Harry Cowan

Personal information
- Full name: Henry Cowan
- Date of birth: 5 December 1893
- Place of birth: Rutherglen, Scotland
- Date of death: c. 1974 (aged 80–81)
- Place of death: United States
- Positions: Full back; centre half;

Senior career*
- Years: Team / Apps / (Gls)
- 1916–1924: Clyde / 265 / (3)
- 1924–1925: Dunfermline Athletic / 35 / (0)
- 1925–1927: New Bedford Whalers / 76 / (1)
- 1927: Hartford Americans / 9 / (0)
- 1927: New York Nationals / 3 / (0)
- 1928: Fall River / 4 / (0)
- 1928–1929: Pawtucket Rangers / 5 / (0)
- 1929–1931: New Bedford Whalers / 8 / (0)
- Total:  / 405 / (4)

= Harry Cowan =

Scottish footballer (1893–1974)

Henry Cowan (5 December 1893 – 1974) was a Scottish footballer who played for Clyde and Dunfermline Athletic in his native country and for several clubs – primarily the New Bedford Whalers – in the United States, mainly as a full back. Reports from the time indicate that he was deaf and/or mute.

==Career==
===Scotland===
Raised in Eastfield, South Lanarkshire, Cowan began his known senior career with local club Clyde in 1916 (he was around 22 years old and it is likely he played for other clubs earlier, but this is unconfirmed). He was ever-present in his first season at Shawfield Stadium – 38 league appearances – and continued to feature regularly for the club throughout the duration of World War I (when many competitions were suspended but the Scottish Football League continued for public morale), suggesting that he was employed in a reserved occupation in addition to being a sportsman, although his later marriage and travel documentation listed him as a dyer outwith football so it may have been his hearing impairment which excused him from active service. A match report from October 1918 stated that Cowan "was again a dominating personality at pivot" in a victory over Hearts.

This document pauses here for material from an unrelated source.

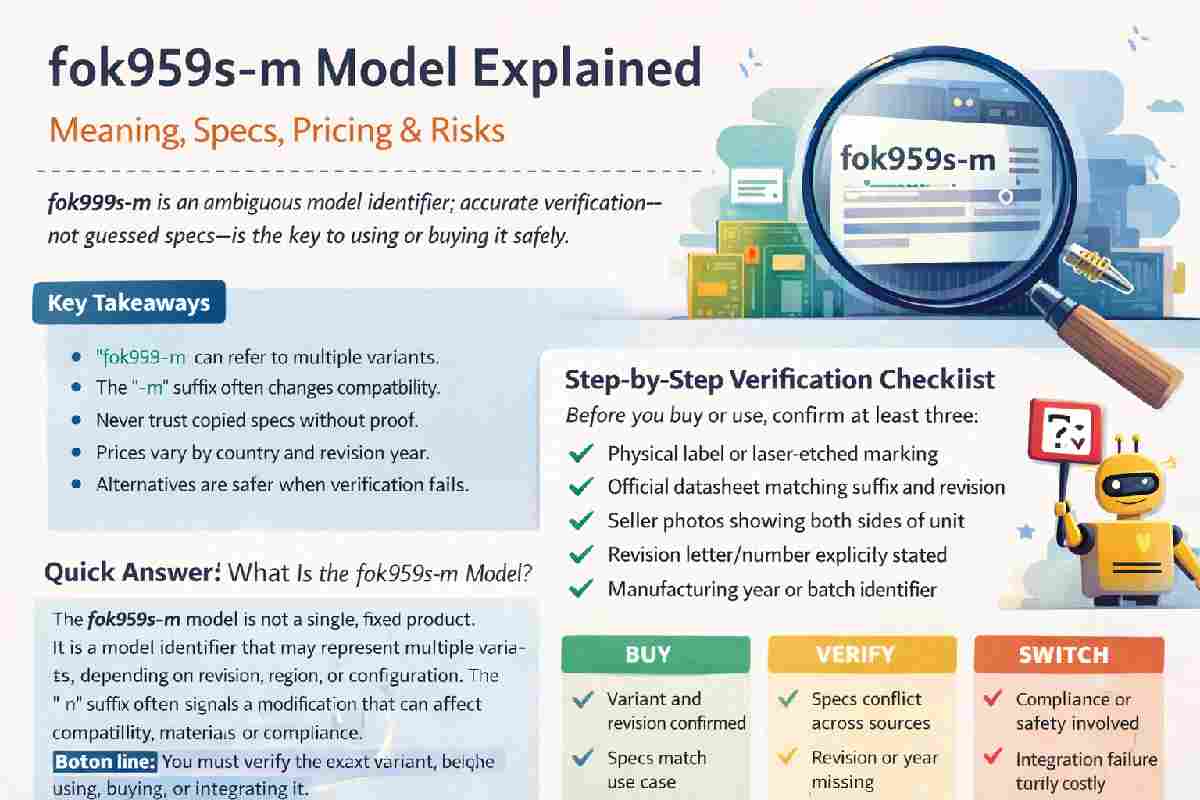 Many people encounter “fok959s-m” on marketplaces, invoices, or repair notes and assume it’s a single, fixed product. That assumption causes mismatches, returns, and integration failures. The fix is simple: verify the exact variant first, then compare specs and prices.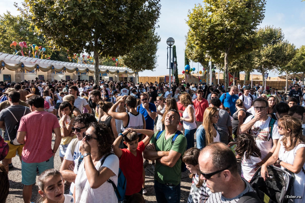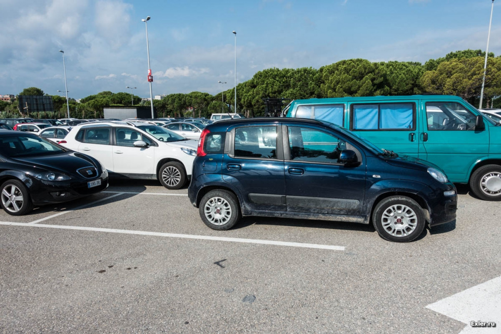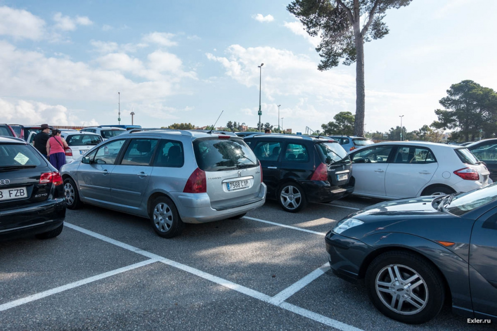 На следующий день приехали в Порт Авентуру пораньше - попали только на дальнюю стоянку и машин уже было полно. Разметка стоянки сделана совершенно негуманно - между рядами машин оставлены очень узкие проезды. При этом нашлось поразительно немало дебилов, которые ставили машины настолько криво, что просто наглухо перекрывали проезд, и это создавало другим водителям очень серьезные проблемы. Вот, например, красавец: от задней линии отстоит метра на полтора и проезд перекрывает наглухо. Ну как можно быть таким уродом?

His eight years at Clyde also included reaching three finals of the Glasgow Cup, all ending in defeat (twice losing out to Celtic and once to Rangers after a replay, in which Cowan conceded a penalty kick for handball which resulted in the only goal). His spell at the club ended at the same time as their relegation from the top division in 1923–24, ending an 18-year run in the top division. A benefit match was played for him against Rangers in March 1924 to recognise his long service.

===United States===
Cowan moved on to Dunfermline Athletic for one season before heading to the United States, aged 31, to play in the American Soccer League. (Note: Although by no means a new development, the timing of his departure coincided almost exactly with the Scottish Football Association hierarchy meeting to discuss the "American menace", as they described the exodus of players crossing the Atlantic for a new challenge with attractive wages, in many cases circumventing the 'retain or transfer' system in Britain by which a club could hold on to registered players whom they did not intend to utilise until another club paid a nominated transfer fee, without having to pay them; however this was only applicable to the Scottish and English leagues, and moving abroad (Ireland was also a popular choice) was at times the only career continuation option available to out-of-favour players with a high transfer price and no bidders for their services.)

Initially he was with the New Bedford Whalers, playing regularly for two seasons and winning the Lewis Cup in 1926. He then had short spells with other clubs: he began 1927–28 with the Hartford Americans before they were withdrawn from the league, then played a few matches each for the New York Nationals and the Fall River – he was not involved in the later stages of the Nationals' winning run in the 1928 National Challenge Cup. In 1928–29 he played for J. & P. Coats who changed identity mid-season to become the Pawtucket Rangers. By now at the veteran stage, he returned to the Whalers in 1929 and played a handful of games for them, likely as an emergency stand-in, over the next two seasons, a somewhat chaotic period known as the 'soccer wars', featuring several disputes, teams resigning and rival leagues being created, coinciding with the Great Depression which brought about the end of the system altogether a few years later.

==Personal life==
His son of the same name was born in Scotland but grew up in New Bedford and became an American citizen in order to serve in the US Air Force during World War II; he was killed in action in 1944.